Grain size analysis of indica rice varieties with rga1 allele. (A) Grain shape of indica rice Teqing (TQ) and TQrga1. (B) Grain shape of indica rice Zhenshan 97B (ZS) and ZSrga1. Quantitative data of the grain length (C) and grain width (D) of TQ and TQrga1. Quantitative data of the grain length (E) and grain width (F) of ZS and ZSrga1. (G) Comparison of the appearance of milled rice between TQ and TQrga1. (H) Comparison of the appearance of milled rice between ZS and ZSrga1. Percentage of chalky grains (I) and chalkiness degree (J) of TQ and TQrga1. Percentage of chalky grains (K) and chalkiness degree (L) of ZS and ZSrga1. Error bars represent the SDs. **P < 0.01 (Student’s t-test)
Discussion
Rice yield is a multifaceted quantitative trait controlled by a large number of factors and genes [29]. In recent years, significant progress has been made in identifying key genes involved in the regulation of grain number and weight, which has greatly facilitated the genetic improvement of rice yield. For example, OsMADS17 can directly interact with the promoter of OsAP2-39 and regulate its expression. On the other hand, the expression of OsMADS17 itself is directly regulated by the transcription factor OsMADS1, thus revealing an OsMADS1-OsMADS17-OsAP2-39 molecular module in the control of rice yield [30]. Grain size affects not only rice yield but also the quality of rice appearance [31, 32]. To date, more than 80 rice grain size genes have been cloned and mechanistically implicated in several regulatory pathways. One important pathway is the G-protein signaling pathway, including GS3 [33,34,35], DEP1/qPE9 [36, 37], RGG1 [38], RGG2 [39], GGC2 [40] and RGA1 [22, 34]. The RGA1 gene, which encodes the alpha subunit of the G protein, is involved in the regulation of a number of seed-related traits in rice, such as grain size, rice eating and cooking quality, rice chalkiness, and seed germination characteristics (Figs. 1, 3, 4, 5 and 8). Impressively, we have shown that RGA1 positively regulates seed germination mainly by modulating ABA content (Fig. 6).
In addition to its role in controlling seed traits in rice [41], RGA1 has been reported to mediate rice responses to abiotic stress and plant hormones, including cold and heat stress, salt stress, drought stress, plant immunity, photooxidation, and BR signaling [42,43,44]. For example, the whole transcriptome microarray analysis was performed using the RGA1 null mutant d1 and its wild type Nipponbare.
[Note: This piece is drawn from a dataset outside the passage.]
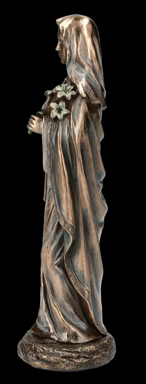 Wunderbar detailreich und kunstvoll ist diese Madonna Figur aus der Studio Collection von Veronese. Die Darstellung der Madonna als ‚Unbefleckte Herz Marias‘ gehört zur katholischen Spiritualität und symbolisiert die Reinheit, Heiligkeit und Vollkommenheit des Herzens und ist in zahlreichen Kirchen so zu finden. Für die katholische Kirche hat das ‚Unbefleckte Herz‘ eine große Bedeutung für die Rettung der Welt. Bei dieser detailreichen Figur hält Maria ihre rechte Hand auf dem mit einem Dolch durchbohrten flammenden Herzen. Bis zu den einzelnen Details, wie dem roten Herzen, dem zarten Gesichtsausdruck und der Kleidung mit der Bordüre auf dem Umhang ist die edel bronzierte und fein colorierte Madonna Figur aus Kunststein (Polyresin) einfach zauberhaft dargestellt. Die 21 cm hohe, 6,5 cm breite und 6 cm tiefe Figur Marias mit dem ‚Unbefleckten Herzen‘ schmückt jeden Altar und ist auch ein wunderbares Geschenk für jeden, der auf die Kraft und Stärke Marias vertraut.

A total of 2270 unique differentially expressed genes (DEGs) were identified, including 111 heat stress genes, 8 cold stress genes, 8 drought stress genes and 2 salt stress genes, suggesting that RGA1 may play a broad role in the regulation of various abiotic stresses in rice [45]. Under salt stress, RGA1 enhances the salt tolerance of the d1 mutant by modulating the expression of genes involved in metabolic pathways, photosynthesis, and reactive oxygen species (ROS) homeostasis, resulting in the reduction of ROS accumulation [20]. In addition, net carbon fixation of wild-type rice ceased 11 days after water deprivation, whereas the d1 mutant exhibited sustained net photosynthesis for an additional week. Furthermore, under drought stress conditions, the reduced leaf temperature in the d1 mutant resulted in a lower driving force for water loss. Therefore, as drought stress intensified, the rate of decline of photosynthesis in the d1 mutant was slowed, thereby enhancing its drought tolerance [26]. In addition, RGA1 also functions as a key regulator of photoinhibition and photoprotection in rice, thereby alleviating persistent photoinhibition damage and enhancing the abiotic stress tolerance in rice [23]. A recent report showed that RGA1 can improve energy metabolism and distribution in rice by facilitating sucrose unloading in the pistils, thereby mitigating the detrimental effects of low light stress on pollen tube elongation and enhancing rice panicle fertility [46]. Recently, a nitrate-responsive transcriptome assay was performed and showed that RGA1 plays a negative role in regulating nitrogen sensitivity and use efficiency in rice [45]. Although a number of studies have revealed the function of RGA1 in various stress responses and plant growth, its role in regulating rice quality and germination traits has not been reported so far. Our study helps to elucidate the role of RGA1 in controlling various aspects of yield and quality traits in rice.
Conclusions
In this study, the effects of the RGA1 mutation on rice grain size, plant morphology, panicle characteristics, eating and cooking quality (ECQ), and seed germination characteristics were comprehensively investigated. The results showed that the RGA1 mutation resulted in a semi-dwarf rice plant with small grain size and reduced panicle length, which was consistent with the previous reports. In addition, this study showed that the RGA1 mutation had little effect on rice ECQ, but significantly reduced rice germination speed and shoot growth by modulating ABA metabolism. Furthermore, we demonstrated that the mutant rga1 allele also functions in the control of grain size in the genetic background of indica rice, and its regulatory effect depends on the length-width ratio of the original rice seed. Taken together, this study further enhances our understanding of the function and effect of RGA1 in the regulation of rice growth and development, thereby providing valuable information for future systematic analysis of the G-protein signaling pathway and its potential application in rice breeding.
Materials and methods
Rice materials
A japonica rice variety, Ninggeng 4 (NG4), was treated with ethylene methyl sulfonate (EMS) and an srg5 mutant with short plant height and small grain size was identified. Several generations of self-pollination showed that the phenotype of the srg5 mutant was stable. All rice materials were grown in the paddy field of Yangzhou University (Yangzhou, Jiangsu Province, China) in summer. The standard wide-narrow row planting method was used for all rice materials under conventional crop management.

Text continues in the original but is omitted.